夜勤刑事 (ハヤカワ・ミステリ文庫)

夜勤刑事 (ハヤカワ・ミステリ文庫)

ミステリ。
いわゆるモジュラー型警察小説であり本作で主人公のリーロイ・パウダー警部補は複数の事件に遭遇する。それらの事件にそれぞれ相関があったりなかったりするのもモジュラー型ミステリの醍醐味。
とはいえ主人公であるパウダーが独りで徹頭徹尾全ての事件に掛かりきれるはずもなく、彼は仕事を部下達に分配し託すのであるが、これらの部下がみな一筋縄ではいかない連中ばかり。若手の刑事からは露骨に煙たがれかている。しかも、家に帰ったら帰ったで古女房との関係は冷え切っていて、彼女とは家庭内別居状態にある。
彼は同僚及び家族との人間関係に疲弊しておりそれらの共同体に一体感を持てなくなっている。
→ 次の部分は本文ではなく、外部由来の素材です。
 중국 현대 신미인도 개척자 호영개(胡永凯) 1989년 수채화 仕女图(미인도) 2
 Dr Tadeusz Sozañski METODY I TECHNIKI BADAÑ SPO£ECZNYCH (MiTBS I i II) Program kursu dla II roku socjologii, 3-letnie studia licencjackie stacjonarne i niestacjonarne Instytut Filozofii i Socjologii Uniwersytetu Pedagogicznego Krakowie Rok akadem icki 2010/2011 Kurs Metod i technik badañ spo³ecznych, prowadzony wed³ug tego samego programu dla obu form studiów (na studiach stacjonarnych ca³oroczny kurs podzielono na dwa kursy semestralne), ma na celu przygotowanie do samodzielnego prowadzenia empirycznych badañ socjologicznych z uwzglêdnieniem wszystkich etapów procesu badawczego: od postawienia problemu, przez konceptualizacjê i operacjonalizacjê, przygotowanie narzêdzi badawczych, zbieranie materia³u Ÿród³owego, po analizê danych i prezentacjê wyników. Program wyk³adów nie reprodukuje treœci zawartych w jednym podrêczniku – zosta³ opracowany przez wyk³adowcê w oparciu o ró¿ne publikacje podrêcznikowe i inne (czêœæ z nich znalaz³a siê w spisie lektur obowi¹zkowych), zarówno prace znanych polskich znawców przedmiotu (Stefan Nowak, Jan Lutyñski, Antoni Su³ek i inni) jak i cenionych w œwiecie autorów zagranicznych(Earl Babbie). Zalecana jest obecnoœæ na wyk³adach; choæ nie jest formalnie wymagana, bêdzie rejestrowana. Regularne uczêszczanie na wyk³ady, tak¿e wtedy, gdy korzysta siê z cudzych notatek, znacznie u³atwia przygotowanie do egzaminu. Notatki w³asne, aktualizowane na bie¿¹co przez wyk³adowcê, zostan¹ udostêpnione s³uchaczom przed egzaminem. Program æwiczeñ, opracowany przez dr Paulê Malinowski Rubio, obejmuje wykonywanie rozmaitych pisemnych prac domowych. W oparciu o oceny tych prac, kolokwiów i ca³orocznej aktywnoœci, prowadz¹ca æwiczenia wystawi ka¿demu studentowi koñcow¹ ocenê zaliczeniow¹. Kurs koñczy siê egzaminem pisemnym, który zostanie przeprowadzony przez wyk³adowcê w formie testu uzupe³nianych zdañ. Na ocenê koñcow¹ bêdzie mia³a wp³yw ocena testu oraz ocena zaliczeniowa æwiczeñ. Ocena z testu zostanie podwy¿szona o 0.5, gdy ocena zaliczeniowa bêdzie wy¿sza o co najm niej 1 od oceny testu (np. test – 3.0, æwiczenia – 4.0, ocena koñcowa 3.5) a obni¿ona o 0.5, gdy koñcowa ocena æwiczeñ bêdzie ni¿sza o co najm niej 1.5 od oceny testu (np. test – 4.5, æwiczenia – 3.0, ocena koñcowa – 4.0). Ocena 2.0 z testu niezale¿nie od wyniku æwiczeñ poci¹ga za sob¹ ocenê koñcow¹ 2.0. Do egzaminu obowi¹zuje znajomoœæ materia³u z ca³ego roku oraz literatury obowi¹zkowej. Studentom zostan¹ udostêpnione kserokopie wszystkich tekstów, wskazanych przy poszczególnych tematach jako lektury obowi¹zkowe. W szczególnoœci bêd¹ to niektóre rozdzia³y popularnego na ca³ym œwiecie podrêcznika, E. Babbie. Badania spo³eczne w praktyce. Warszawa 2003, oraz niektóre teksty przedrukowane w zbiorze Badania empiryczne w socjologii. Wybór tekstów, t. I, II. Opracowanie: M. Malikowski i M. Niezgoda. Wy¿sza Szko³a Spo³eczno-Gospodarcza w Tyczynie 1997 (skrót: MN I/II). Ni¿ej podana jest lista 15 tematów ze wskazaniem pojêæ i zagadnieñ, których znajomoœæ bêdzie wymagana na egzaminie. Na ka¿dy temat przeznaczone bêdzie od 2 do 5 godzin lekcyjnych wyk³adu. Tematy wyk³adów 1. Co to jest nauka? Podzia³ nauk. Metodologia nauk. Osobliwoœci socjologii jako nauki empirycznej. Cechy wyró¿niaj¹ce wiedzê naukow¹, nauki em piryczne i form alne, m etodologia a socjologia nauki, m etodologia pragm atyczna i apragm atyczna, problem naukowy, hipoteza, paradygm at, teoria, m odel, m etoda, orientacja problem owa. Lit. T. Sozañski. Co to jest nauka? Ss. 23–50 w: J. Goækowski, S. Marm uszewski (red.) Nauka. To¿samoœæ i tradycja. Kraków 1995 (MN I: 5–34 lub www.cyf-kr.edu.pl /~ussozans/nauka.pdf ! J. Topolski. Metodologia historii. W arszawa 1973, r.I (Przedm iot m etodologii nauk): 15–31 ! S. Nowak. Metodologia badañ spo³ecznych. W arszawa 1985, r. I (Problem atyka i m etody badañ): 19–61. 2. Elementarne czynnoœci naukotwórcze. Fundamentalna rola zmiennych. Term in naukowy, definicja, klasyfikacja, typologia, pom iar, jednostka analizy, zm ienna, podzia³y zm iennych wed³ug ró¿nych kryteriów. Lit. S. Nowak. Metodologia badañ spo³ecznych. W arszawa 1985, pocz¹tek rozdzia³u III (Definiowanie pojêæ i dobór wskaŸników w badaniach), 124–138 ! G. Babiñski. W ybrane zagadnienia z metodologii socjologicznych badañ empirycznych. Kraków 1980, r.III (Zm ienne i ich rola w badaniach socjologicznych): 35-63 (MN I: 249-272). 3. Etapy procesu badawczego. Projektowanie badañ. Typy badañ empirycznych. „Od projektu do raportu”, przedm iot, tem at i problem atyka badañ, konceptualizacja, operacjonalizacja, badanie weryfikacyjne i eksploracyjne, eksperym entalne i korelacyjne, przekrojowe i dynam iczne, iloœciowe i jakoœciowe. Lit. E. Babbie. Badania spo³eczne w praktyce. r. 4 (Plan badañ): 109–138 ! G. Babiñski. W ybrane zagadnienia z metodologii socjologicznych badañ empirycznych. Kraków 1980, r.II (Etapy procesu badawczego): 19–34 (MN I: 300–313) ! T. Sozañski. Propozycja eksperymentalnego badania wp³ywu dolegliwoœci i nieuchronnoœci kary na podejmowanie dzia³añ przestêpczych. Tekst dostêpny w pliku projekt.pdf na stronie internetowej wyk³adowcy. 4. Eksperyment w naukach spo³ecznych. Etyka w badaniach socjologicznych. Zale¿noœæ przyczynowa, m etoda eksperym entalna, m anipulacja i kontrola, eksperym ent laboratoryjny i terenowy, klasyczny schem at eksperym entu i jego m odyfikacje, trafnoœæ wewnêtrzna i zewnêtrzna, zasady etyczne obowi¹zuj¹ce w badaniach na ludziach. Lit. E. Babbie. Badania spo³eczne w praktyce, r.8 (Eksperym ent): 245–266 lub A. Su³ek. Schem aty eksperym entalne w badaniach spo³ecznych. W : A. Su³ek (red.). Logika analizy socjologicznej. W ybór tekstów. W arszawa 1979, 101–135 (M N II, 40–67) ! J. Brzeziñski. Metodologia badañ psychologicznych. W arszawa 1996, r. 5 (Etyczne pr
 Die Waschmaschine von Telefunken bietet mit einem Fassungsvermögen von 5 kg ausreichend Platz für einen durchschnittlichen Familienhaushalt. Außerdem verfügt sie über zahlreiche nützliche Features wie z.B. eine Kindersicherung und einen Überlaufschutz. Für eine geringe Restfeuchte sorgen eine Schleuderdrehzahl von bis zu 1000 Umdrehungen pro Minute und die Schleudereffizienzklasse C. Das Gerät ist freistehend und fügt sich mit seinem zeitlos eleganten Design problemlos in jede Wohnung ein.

したがって、彼はハードボイルド小説の主人公として申し分ない存在となるのである(なぜ申し分ないのかは略す)。
事件の一つ一つをパウダーが解決していく、という訳ではない。主眼はあくまでも彼がどの様に事件(それは刑事事件だけとは限らない)と折り合いを付けていくかにある。本作の構造は本格ミステリ的でない。
ちなみに私見であるが、サムスン物では作品の興味の中心は「事件やそれが孕む謎の提示と解体」にあるように思える。そういう観点から見ると、サムスン本格ミステリによく見られるような「謎(であったもの)の全容を読者に対して説明する装置としての名探偵」的な役割を多分に担っていることを了解していただけるだろう。
翻って本作の構造はと言うと、物語の中心に「事件」にあるのではなくあくまで「リーロイ・パウダー」という一人の古参刑事を軸に話が展開していく。つまり人間を描く、表現することが主目的であるという点で本格ミステリ的ではないのである。
本作では組織に属する者であるが故に持つ主人公の軋轢やしがらみが描かれており、それが別シリーズの主人公であり本作でも重要な役割を果たすサムスンフリーランス振りと対比をなしている。リューインという作家からは「対称」と「対照」で何かを象徴 しようとしている節が窺えるのだけど、それが完全に理解できるほど僕は頭のいい読み手ではないのでここでは沈黙せざるをえない。なんか悔しい。